(What the exercise asks): From the first line of the listing to the last, set down everything exactly, but skip the images.

(Given information):
*** Block opens ***

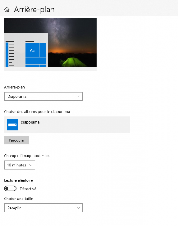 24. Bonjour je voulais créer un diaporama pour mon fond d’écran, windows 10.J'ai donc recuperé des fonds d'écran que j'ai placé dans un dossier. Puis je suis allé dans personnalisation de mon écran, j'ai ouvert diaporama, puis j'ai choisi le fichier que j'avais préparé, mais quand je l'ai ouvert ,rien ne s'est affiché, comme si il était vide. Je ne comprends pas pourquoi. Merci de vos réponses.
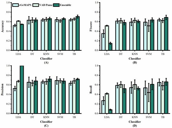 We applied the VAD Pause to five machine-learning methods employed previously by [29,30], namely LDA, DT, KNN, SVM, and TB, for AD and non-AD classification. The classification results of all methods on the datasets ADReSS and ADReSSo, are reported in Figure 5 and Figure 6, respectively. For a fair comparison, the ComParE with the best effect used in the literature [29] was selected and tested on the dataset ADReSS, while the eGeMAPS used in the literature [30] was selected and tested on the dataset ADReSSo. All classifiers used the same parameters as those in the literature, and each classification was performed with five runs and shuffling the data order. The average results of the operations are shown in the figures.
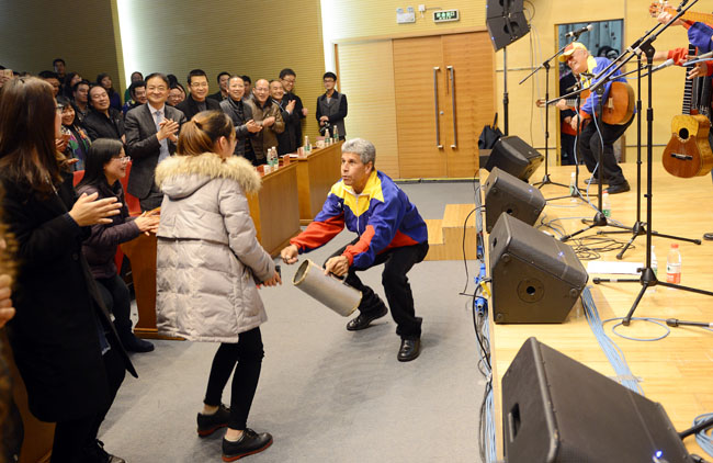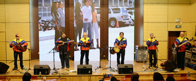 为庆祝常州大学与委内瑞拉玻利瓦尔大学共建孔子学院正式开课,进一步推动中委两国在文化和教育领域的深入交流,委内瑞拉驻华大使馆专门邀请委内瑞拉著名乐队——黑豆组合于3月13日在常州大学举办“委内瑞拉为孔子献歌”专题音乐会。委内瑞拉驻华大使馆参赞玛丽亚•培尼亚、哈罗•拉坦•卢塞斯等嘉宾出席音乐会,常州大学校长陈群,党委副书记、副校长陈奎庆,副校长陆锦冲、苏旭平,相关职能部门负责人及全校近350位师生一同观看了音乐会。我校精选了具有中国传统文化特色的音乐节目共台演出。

*** Block closes ***

(Exercise answer):
 24. Bonjour je voulais créer un diaporama pour mon fond d’écran, windows 10.J'ai donc recuperé des fonds d'écran que j'ai placé dans un dossier. Puis je suis allé dans personnalisation de mon écran, j'ai ouvert diaporama, puis j'ai choisi le fichier que j'avais préparé, mais quand je l'ai ouvert ,rien ne s'est affiché, comme si il était vide. Je ne comprends pas pourquoi. Merci de vos réponses.
 We applied the VAD Pause to five machine-learning methods employed previously by [29,30], namely LDA, DT, KNN, SVM, and TB, for AD and non-AD classification. The classification results of all methods on the datasets ADReSS and ADReSSo, are reported in Figure 5 and Figure 6, respectively. For a fair comparison, the ComParE with the best effect used in the literature [29] was selected and tested on the dataset ADReSS, while the eGeMAPS used in the literature [30] was selected and tested on the dataset ADReSSo. All classifiers used the same parameters as those in the literature, and each classification was performed with five runs and shuffling the data order. The average results of the operations are shown in the figures.
 为庆祝常州大学与委内瑞拉玻利瓦尔大学共建孔子学院正式开课,进一步推动中委两国在文化和教育领域的深入交流,委内瑞拉驻华大使馆专门邀请委内瑞拉著名乐队——黑豆组合于3月13日在常州大学举办“委内瑞拉为孔子献歌”专题音乐会。委内瑞拉驻华大使馆参赞玛丽亚•培尼亚、哈罗•拉坦•卢塞斯等嘉宾出席音乐会,常州大学校长陈群,党委副书记、副校长陈奎庆,副校长陆锦冲、苏旭平,相关职能部门负责人及全校近350位师生一同观看了音乐会。我校精选了具有中国传统文化特色的音乐节目共台演出。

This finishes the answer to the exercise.